Has anyone experience of this and if so, how did it go?
Well, post their name, contact number and address and I might go and have a look being as I could do with the same! I live about half an hour from Yeovil and regularly go there so could pop by in the landy to see what they reckon they could do and report back. My doors are toast.
Tends to be the corners that go first, for the time being I have resorted to pop riveting an angle bracket on my drivers door. (the worst of them) When the rust sets in further I shall have to start being more creative. It has always occured to me that there is nothing much wrong with a stout wooden frame, that was the way it used to be done in the 30's .
I had not realised that replacent doors had become so expensive that it justified having a new frame welded in.
I recently paid 60 odd quid for a glazed door top, cos I was in a hurry.
OK, I'm going to Frome tomorrow, I'll try and remember to drop by and see what the place is like. I could do with a local landy independent so perhaps they might be a good candidate. My local in Yeovil went bankrupt recently.
I've got a rear and a pair of front doors waiting to be painted and fitted. It's the middle row that are eye-stretchingly expensive. As far as I know, for the push-button type, nobody yet makes a pattern replacement.
Please do post back in this thread with any comments on this mob - I've seen their listing before but was a bit dubious, especially given the state of my middle row doors.
My middle row were replaced by the dealer that sold them to me (albeit with a second hand pair)
I think the guy realised that he hadsold me a pup there.
I don't actually need a middle pair anymore being as I don't have seats there, I suppose one them serves as a fire escape and the other as access to the water container and gas cylinder.
Did both of mine when I got it as the door skins were flapping in the wind. Folded back the skin and cleaned out the old rust and welded some new bits in using S3 doorframe channel.
Saw a cross section out of your knackered door frame and take it down to your friendly tin bashers, get them to fold a number of one metre pieces of the inside top hat section and the flat pieces which go against the ally, then get them to spot weld them together first. It's then quite easy to carefully bend the edges of the aluminium back to insert the mitred pieces with door clamped down flat (ally side down) to keep the shape, weld in those pieces and then put a thin piece of wood between the frame and the door skin to weld the flat piece that goes against the skin. Done loads in the past.

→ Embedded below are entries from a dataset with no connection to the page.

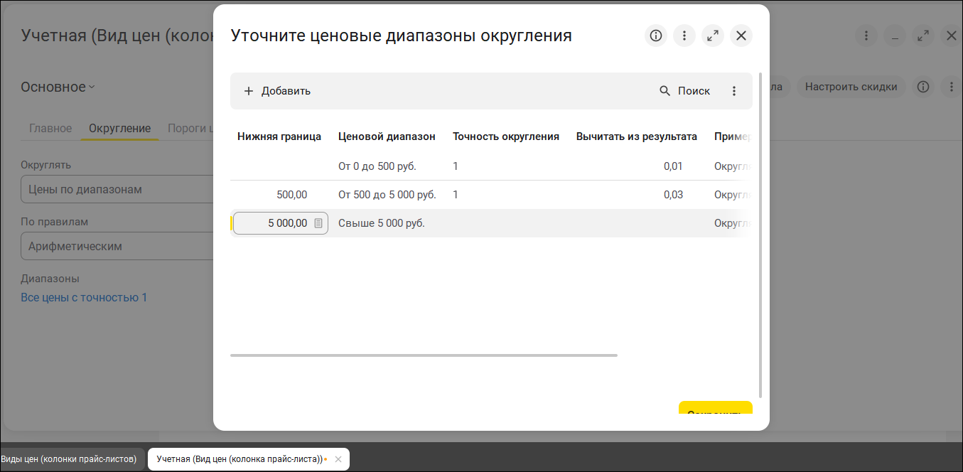 Психологическое округление можно настроить и по ценовым диапазонам.
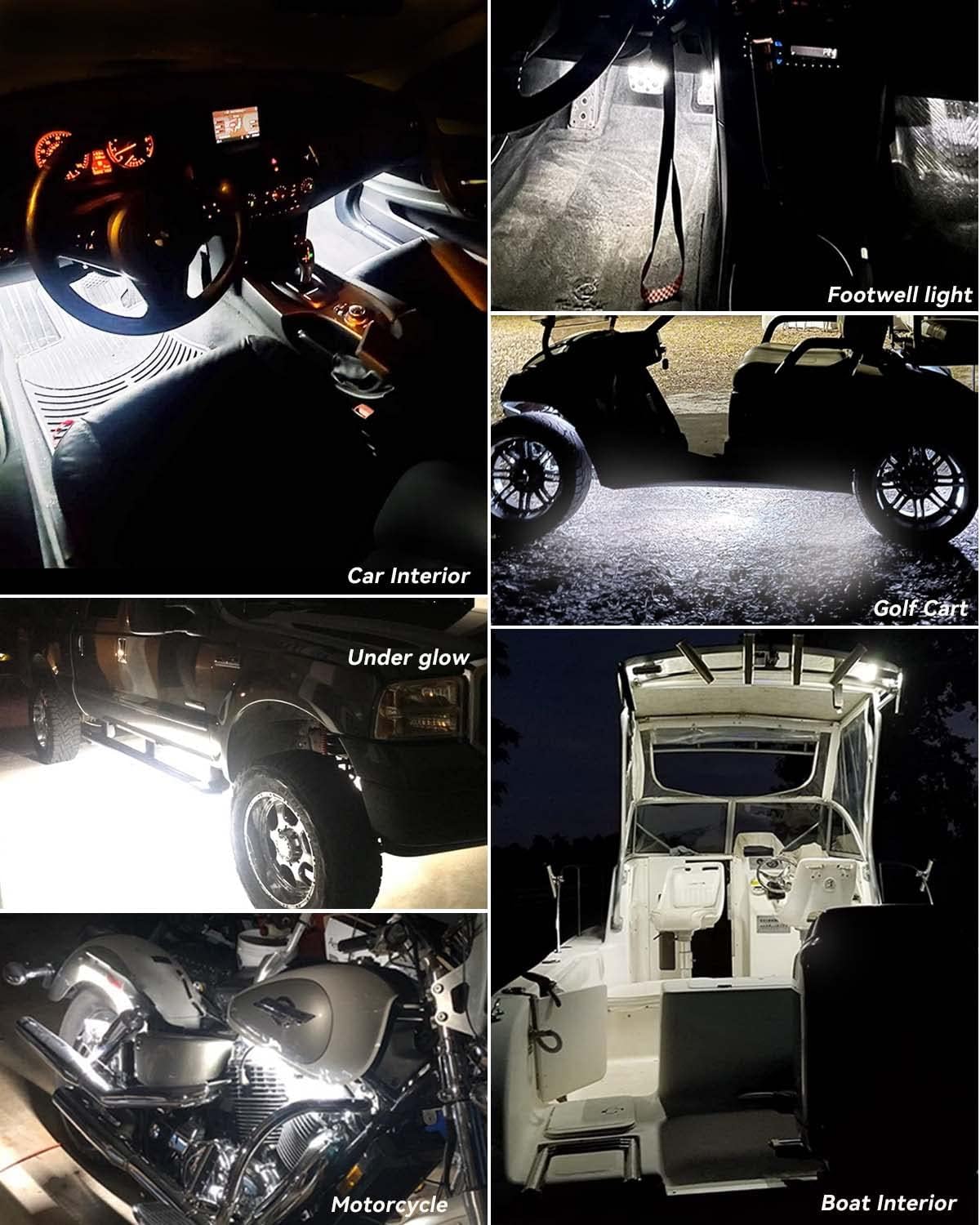 【Waterproof IP68 & Flexible】— Waterproof IP68, Flexible, UV & water resistant. Ultra thin, can be easily installed in between the gap and virtually invisible; this white led strip fits all Cars RV SUV vans trucks boats marine interior light strip with DC 12V power
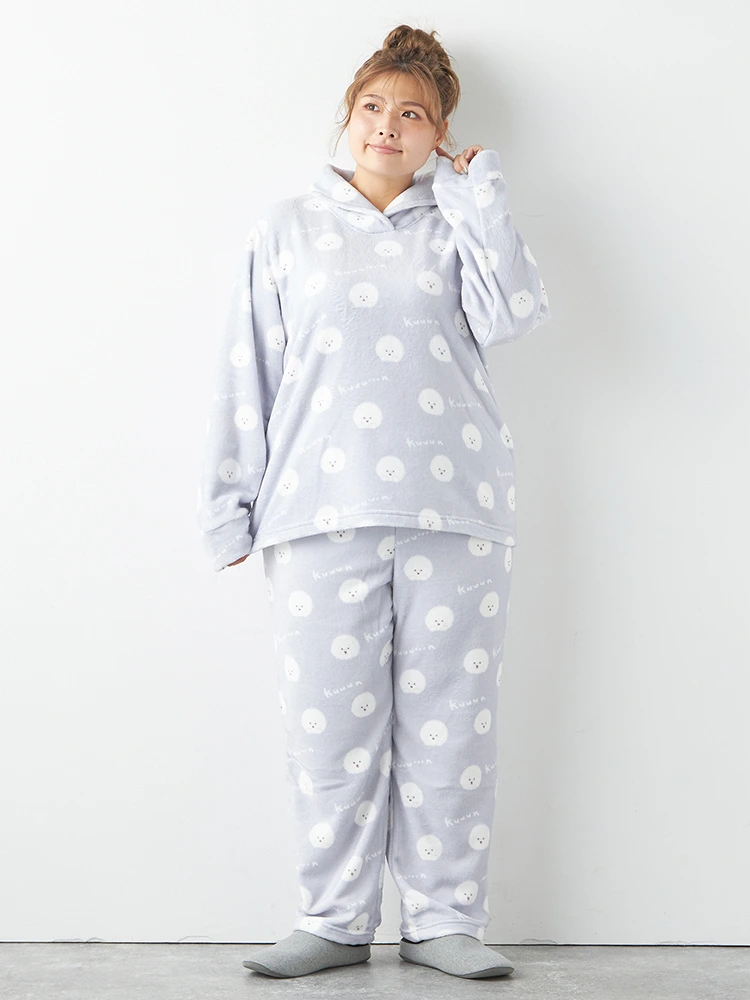 もふっと癒される、動物モチーフのルームウェアセット。ふわふわ素材のパーカーとロングパンツは、寒い季節にぴったりのあたたかさ。
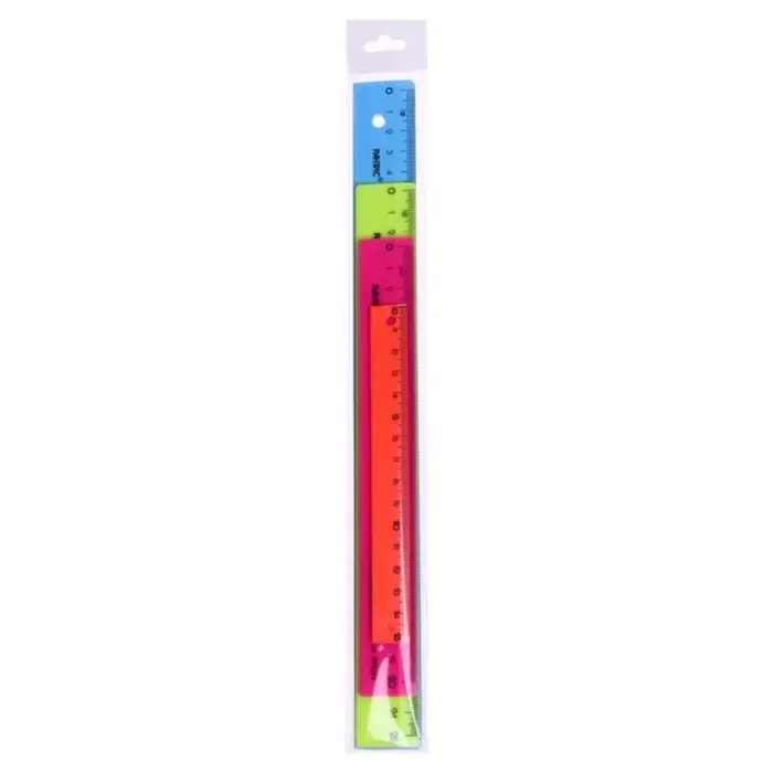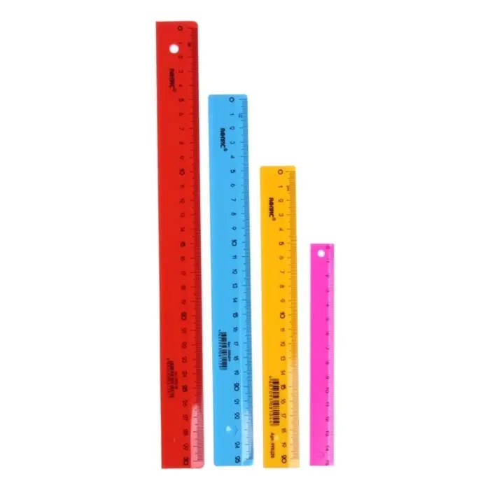 Комплект из четырёх линеек создаёт универсальную измерительную систему для любых форматов. Разная длина инструментов (15, 20, 25 и 30 см) охватывает весь спектр задач — от работы в ежедневнике до оформления плакатов. Непрозрачная основа в разных цветах не отвлекает внимание от шкалы и помогает быстро идентифицировать нужный размер.
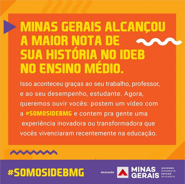 Nessa terça-feira (15/9), os números do Índice de Desenvolvimento da Educação Básica (Ideb), divulgados pelo Ministério da Educação, apontaram que, depois de um apagão na educação, Minas retomou o crescimento e está de volta no caminho certo. Os dados alcançados na rede pública estadual de ensino foram expressivos e comemorar esses números é muito importante. Por isso, te convidados a compartilhar deste momento, que é conquista de todos, usando #SomosIdebMG.
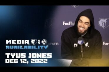Grizzlies guard Tyus Jones speaks to the media following Monday night’s 128-103 win against the Atlanta Hawks. • • •…

I've just got back, they seem like a decent bunch, first impressions only though but they've got a few industrial units, a mass of second-hand parts, and a shedful of Defenders and one or two old Discos so they look like a well-established independent garage and not some fleabay fly-by-night. Chances are I'll be taking my truck up there for some work sometime.
I asked about the door repairs, mine are way past saving but basically their service is to rebuild the lower frames and go up as far as required to fix the frame sides. Strangely enough on my doors the lower frames are about all that's still solid, perhaps mine was stored a long time on its roof!
It was mildly hard to find just going by postcode, the postcode on my satnav takes you to an industrial estate called Lakeside or similar, if you leave there and turn right to go to a T junction you'll see an orange sign pointing right to them, just turn right and follow the road and there's an orange Defender parked outside the right industrial estate and they're there. Not sure about courtesy cars at all, and it was a bit remote for taxis or other public transport.
Got it from Paddocks in Matlock, not the proper shape but it was better than the bottoms of the doors flapping loose. Not a megga neat welding job but its still holding a few years on. Think I used stikaflex to stick the channel to the skin. Where I cut the old frame out I had to cut the unfolded edge of the skin to get it out.